Before his death, George Washington complained that there was no longer room for gentlemen in politics, when a party could "set up a broomstick" as a candidate, call it "a true son of Liberty" or a "Democrat" or anything else to suit their purpose, and the broomstick would "command their votes in toto."

Alexander Hamilton called the people "A great beast" and regarded democracy as a poison – essentially mob rule. 
As he watched the ascendancy of ideas and people he loathed, Hamilton wrote, "Every day proves to me more and more, that this American world was not made for me."

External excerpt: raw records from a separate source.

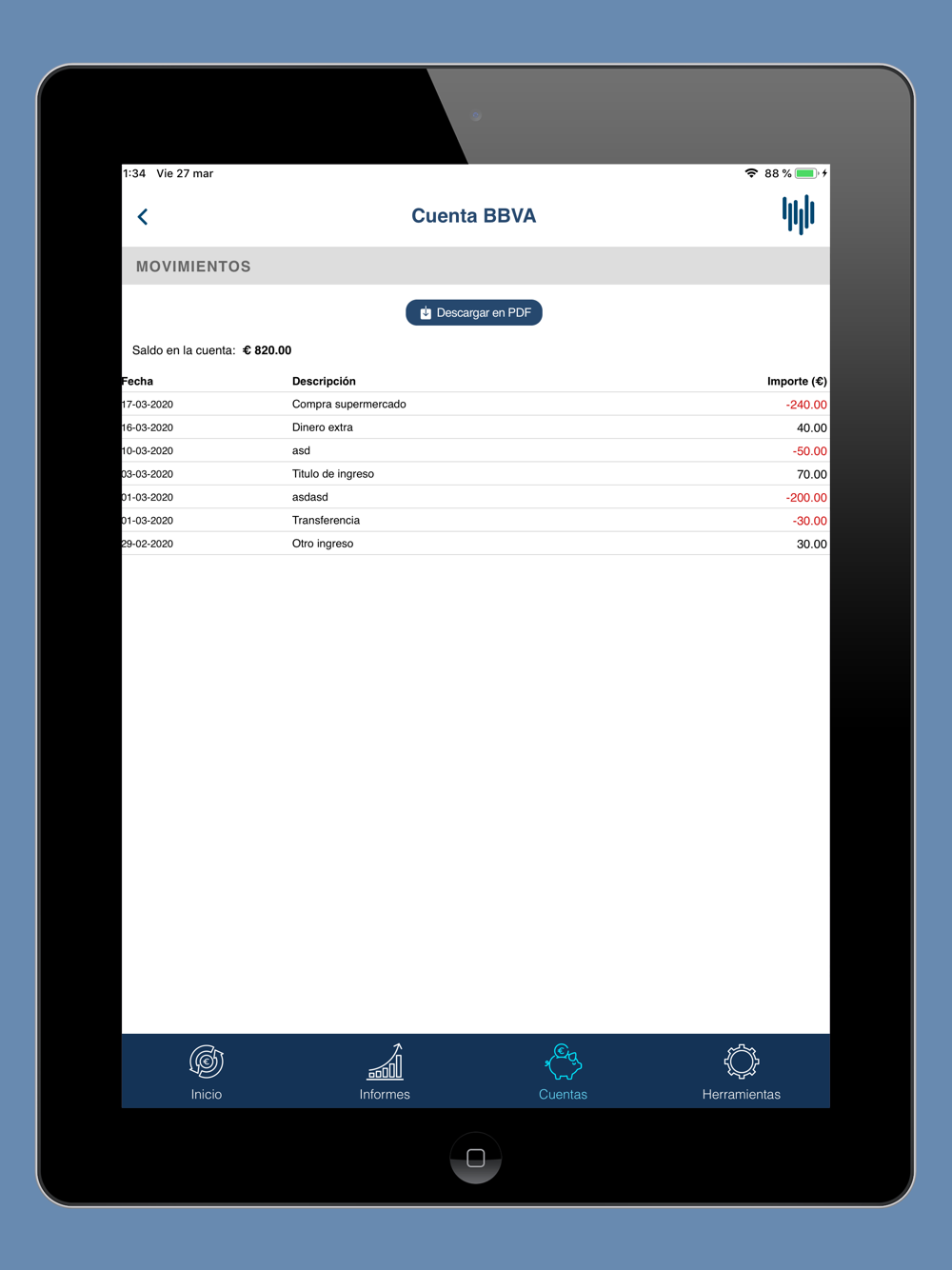 Tendrás un informe detallado de todos los ingresos y gastos a lo largo de los meses, además de poder verlos separados por categorías y cuentas, y desglosados mensualmente. Además podrás descargar en PDF todos los informes, tanto mensuales como anuales.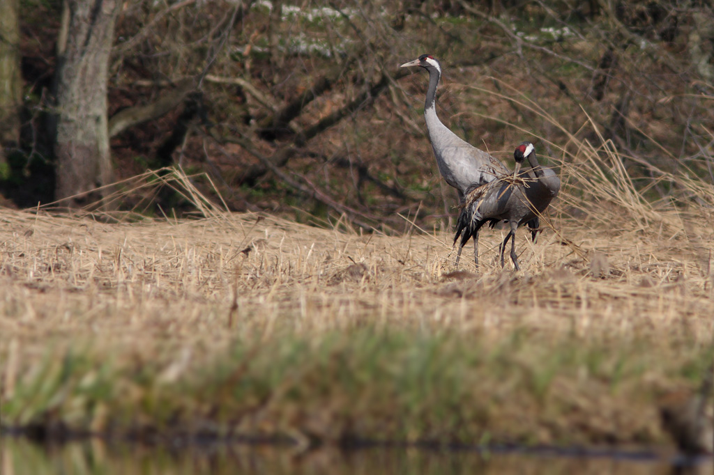Beskrivelse: Tranerne skiftedes til at kaste med tagrørene afbrudt af høje trompeterlyde, der gjaldede ud mellem klipperne.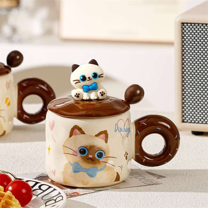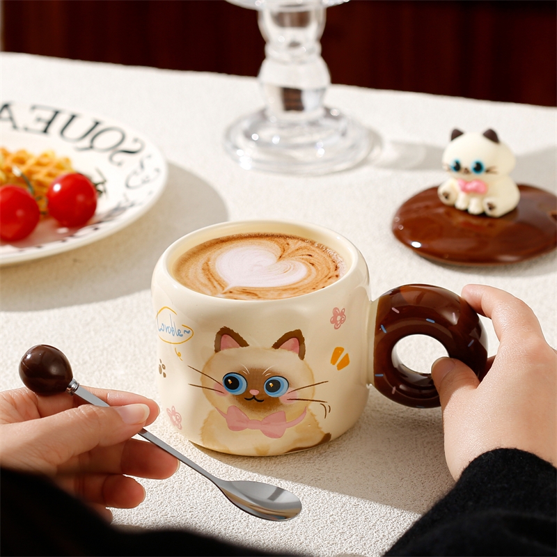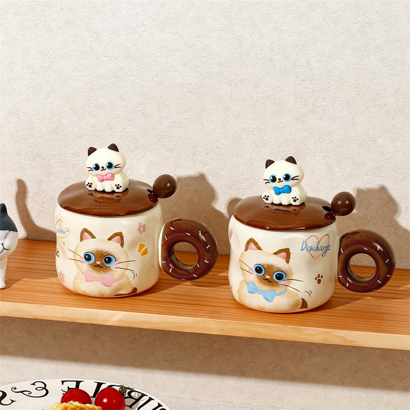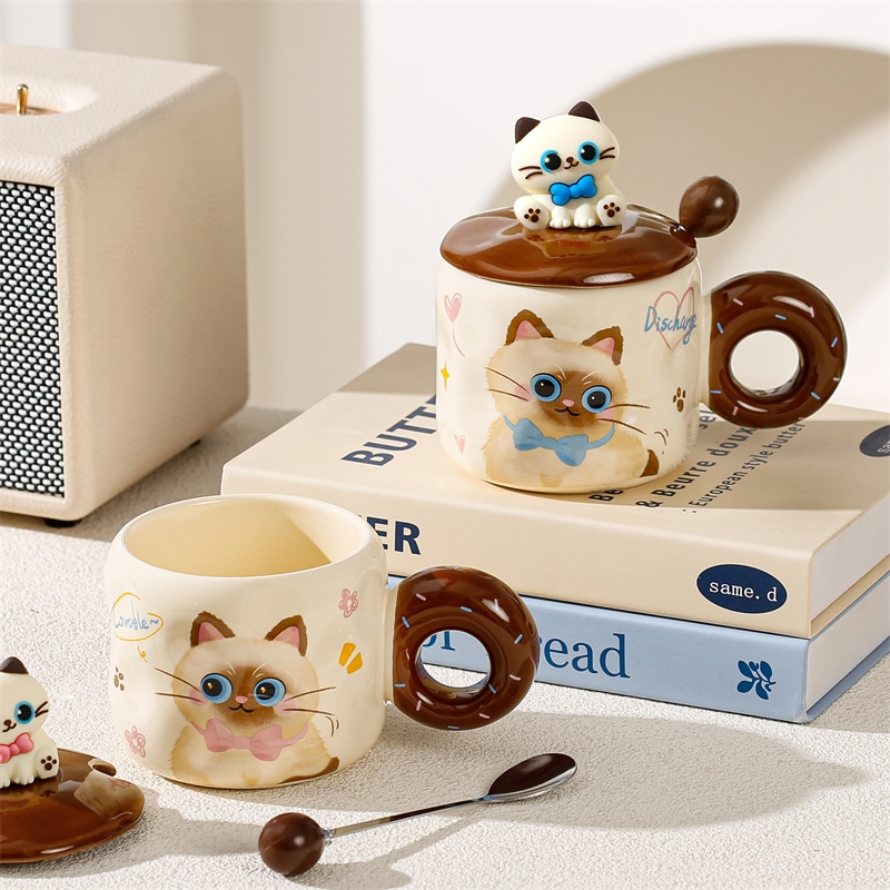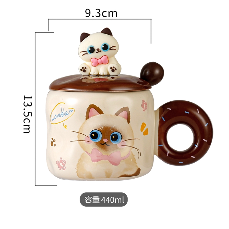 卡通萌趣猫咪形象;大容量水杯,甜甜圈手柄;含盖勺

Benjamin Rush, a signer of the Declaration, had anticipated an American enlightenment, but saw the country’s affairs falling "into the hands of the young and ignorant and needy."  "We are indeed," he wrote John Adams in 1812, "a bebanked, a bewhiskied, and a bedollared nation."  Rush burned the notes and documents he’d saved to write a history of the American Revolution.

Adams responded in kind:  "Where is now, the progress of the human Mind?  .  .  .  When?  Where? and How? is the present Chaos to be arranged into order?"

Thomas Jefferson hated what he saw developing – an America of speculation, paper money, banks, and renewed emphasis on evangelical religion.  It was a world of small men grubbing over small issues – not the departed giants of his youth.  "All, all dead", he wrote in 1825, "and ourselves left alone amidst a new generation whom we know not, and who knows not us."

Jefferson and the others were truly men of an 18th century elite, who deplored the emerging democracy that had overtaken the republic they planned.  It’s useful to remember that we celebrate an unintended consequence of their revolution.  That may sound depressing, but it shouldn’t.  The real revolution the Founders launched was one of ideas: ideas of equality that remain revolutionary – and worth celebrating.